The defendant pleaded a general denial, contributory negligence and assumption of risk.

It was shown that Martin had been at work at the chute some two years and had oiled the machinery from top to bottom, and had put the belt on and knew it would come off, and knew there were no appliances to keep the buckets from running backwards except the belt, and that he had been instructed when he first began work to always put the belt on before he removed the obstruction in the bottom of the pit.

The jury found the defendant negligent in having no other safety device than the belt, that the plaintiff was not guilty of contributory negligence, and that while he had reasonable opportunity to know the conditions he did not have reasonable *693opportunity to know and understand the danger to which he was exposing himself when he entered the pit at the time of the injury.

The defendant complains that its demurrer to the evidence and its motions to direct a verdict and for judgment on the' special findings were denied, and also that its motion to set aside the findings of negligence and lack of reasonable opportunity to understand the danger was also denied. No motion for a new trial was filed. The argument is that there was no proof that the elevator was out of repair and that the only fault the plaintiff can find is with its construction. In other words, that the mere failure to provide an appliance for stopping the backward course of the buckets was not of itself negligence as the jury found. As the case was brought under the federal employers’ liability act (Part 1, 35 U. S. Stat. at L., ch. 149, p. 65) attention is called to decisions both state and federal thereunder, and it is argued that the only duty resting upon the defendant was to exercise ordinary care and diligence in furnishing a proper elevator and that this duty was performed. It was testified that to go to the proper place to see that the belt was on before attempting to remove the obstruction, as directed by the foreman when the deceased was employed, would require a course of travel including the mounting of certain stairs covering in all from six to eight minutes of time; that the pit was dark, and the only light by which the deceased, who was on the night shift, could see to remove the obstruction was his lantern; that the workman who attempted to extricate the body from the fatal crush of the bucket came near meeting a similar fate and outside help and apparatus were necessary to rescue him. It was testified that a simple locking device could have been easily provided, and that an appliance to prevent the belt from slipping off would have been practicable, though on this point there was a difference of opinion. Without going into the complex details of the machinery it is sufficient to say that there was evidence to support the conclusion of the jury that negligence was shown in the character of the elevator and its equipment with no safeguard or device to prevent the very kind of accident which happened.

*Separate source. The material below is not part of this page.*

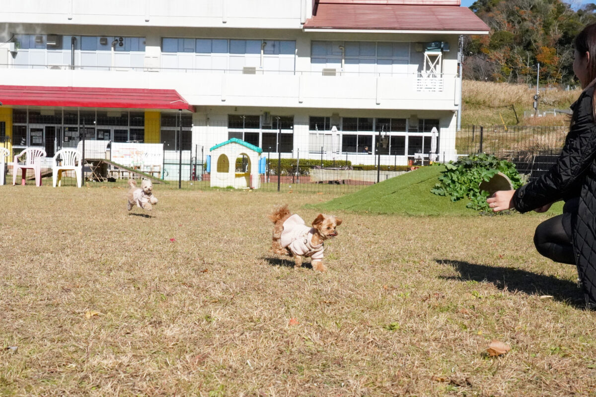 ひろ〜いランに、ロコちゃん&モコちゃんも大喜び! 思い切り追いかけっこして遊びました!

Neither can it be said as a matter of law that the finding as *694to contributory negligence was contrary to or unsupported by the testimony, in view of the extent of the plant, the amount of coal required to be hoisted by the deceased, and the conditions shown. (Smith v. Street Railway Co., 91 Kan. 31, 136 Pac. 930, and cases cited.)

Notwithstanding the testimony showed that the plaintiff had reasonable means of knowledge of the machinery and its condition, the finding of the jury that he did not realize the danger of the situation when he did not remove the obstacle places the matter within the rule frequently announced that such appreciation must exist in order for assumption of risk to bar recovery. (King v. King, 79 Kan. 584, 100 Pac. 503; Carillo v. Construction Co., 81 Kan. 823, 106 Pac. 1050; Every v. Rains, 84 Kan. 560, 566, 115 Pac. 114; Tecza v. Sulzberger & Sons Co., 92 Kan. 97, 140 Pac. 105; Suniga v. Railway Co., 94 Kan. 201, 146 Pac. 364.)

No substantial error appearing the judgment is affirmed.